Murphy resets her timetable in quest for Bay State governorship

NOW that Gov. Michael Dukakis is back at his State House desk, many of his Beacon Hill colleagues are sighing with relief. No one's sighs may be deeper than those of Evelyn Murphy. Though the lieutenant governor will not be taking over the state's executive reins in January, she can take comfort in the fact that what could be the toughest fiscal challenge in the Massachusetts history will not be dumped into her lap.

And with Mr. Dukakis back home being gubernatorial, Miss Murphy should have more time to chart her future course.

While she no doubt still hopes to be governor, whether she runs in 1990 could depend very much on what Mr. Dukakis does. She is not ruling out a possible challenge if he seeks reelection. ``I'm keeping all of my options open,'' Murphy says, making it clear that she expects to make no decision for several months, probably not until summer.

Meanwhile, she is not about to fade into the background and quietly mark time. Nor is she about to do anything that could alienate her from the governor, with whom she has served on the current Massachusetts executive team for the nearly two years. She also was in Dukakis's first two cabinets.

That Murphy has no intention of sticking around in the commonwealth's No. 2 chair, is shown none too subtly by her appointment of a chief of staff whose background is largely in public relations and political reporting.

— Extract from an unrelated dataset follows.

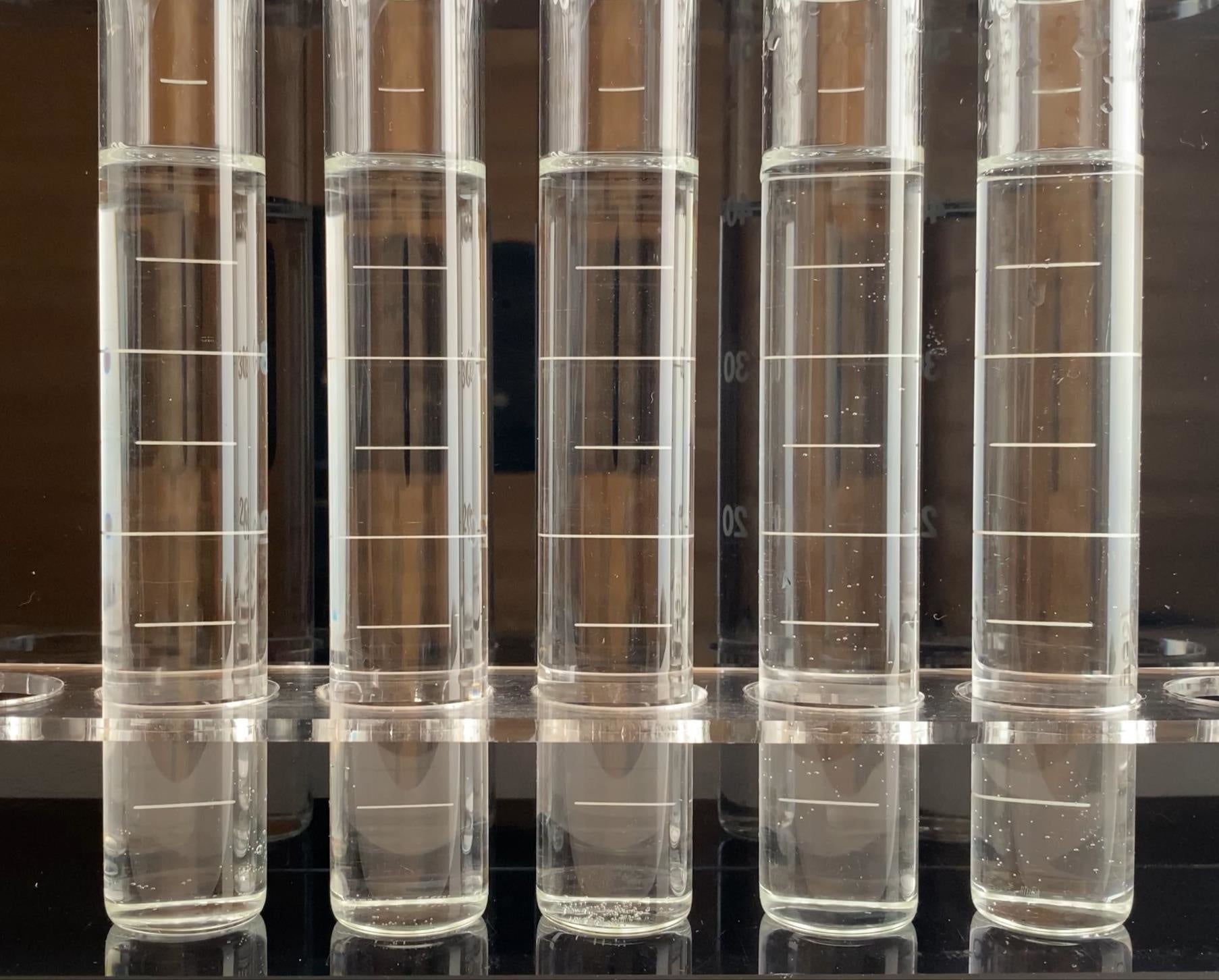 beaconの開発でこだわったのは「クーラントの希釈作業の手間を無くすこと」。切削加工現場の無駄を無くすために重要なポイントとなります。「透明に溶ける」ということは「水への分散性に富む」ということです。そのためには水への投入時、沈殿や浮遊をさせないようにするというのが必須となります。透明に溶ければタンク内のクーラントの質は高まり、きれいが持続します。きれいが持続すれば交換の回数も減らすことができ、汚れ作業を伴う劣化時の交換を大きく減らすことができます。

David M. Rosen, who first went to work for Murphy early this fall on a part-time basis, will be paid $67,000 a year. He will help coordinate and oversee a 22-member staff in a largely low-visibility operation.

Ironically, Mr. Rosen may for several weeks at least make more than the lieutenant governor. Her $70,000 annual salary was rolled back to $65,000 with the Nov. 8 voter repeal of last year's salary hike for legislators and members of the state's executive branch.

Rosen's familiarity with Massachusetts government, gained from several years as a State House correspondent for United Press International, could stand him in good stead.

Although the functions of the lieutenant governor's chief of staff will be considerably broader than that of an adviser, it seems almost certain that he will be expected to provide counsel in helping build Murphy's image as an able government leader who gets things done.

Try as she surely has to make the most of her opportunities to be gubernatorial during Dukakis's absences, it is questionable how much attention it brought her. Things in the executive suite were pretty much run by the Dukakis staff. Murphy was brought in only when the governor was unavailable.

Murphy's main extra assignment was to preside over the monthly cabinet meetings.

Dukakis aides were so eager for the governor to prove he could handle the governorship and a presidential campaign at the same time that the signing of most bills were done when he was in the state.

The lieutenant governor did, however, get to sign the automobile insurance reform legislation Nov. 5, but with Dukakis participating in the ceremony by satellite from the campaign trail. His aides, eager that their man get maximum credit for the measure, had considered flying him to Boston for the signing but could not fit it into his schedule.

As frustrated as the lieutenant governor may be that the past year and a half did not gain her more public attention, she is not about to complain or do anything that could build walls or even low fences between her and the governor.

As she waits for word concerning the governor's political plans, Murphy, who has raised close to $800,000 for her next campaign, is determined to continue building her already substantial statewide support organization and keep cash contributions flowing.